-- Source material follows --

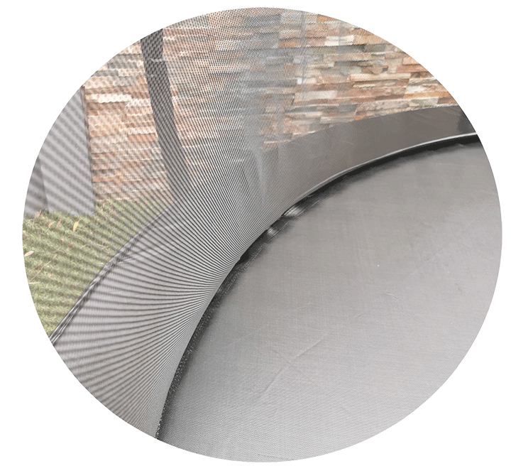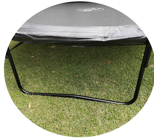 We have added a fibreglass top ring to our trampolines to increase safety, net tightness and reduce stretching over time. Whilst improving safety, this feature also helps the trampoline look great for years to come.
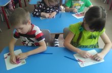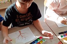 Педагог развивала у детей умение замечать красоту осенней природы. Ребята познакомились с новой техникой в рисовании - приёмом вертикального мазка.
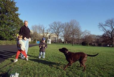 View Original:Photograph_of_President_William_Jefferson_Clinton,_Tyler_Clinton,_and_Zach_Rodham_Playing_with_Buddy_the_Dog_at_the_White_House:_12/25/1999.jpg (3150x2113)

-- Source material concluded --

Each line of the material above should be set down exactly, with no pictures.

Answer space
 We have added a fibreglass top ring to our trampolines to increase safety, net tightness and reduce stretching over time. Whilst improving safety, this feature also helps the trampoline look great for years to come.
 Педагог развивала у детей умение замечать красоту осенней природы. Ребята познакомились с новой техникой в рисовании - приёмом вертикального мазка.
 View Original:Photograph_of_President_William_Jefferson_Clinton,_Tyler_Clinton,_and_Zach_Rodham_Playing_with_Buddy_the_Dog_at_the_White_House:_12/25/1999.jpg (3150x2113)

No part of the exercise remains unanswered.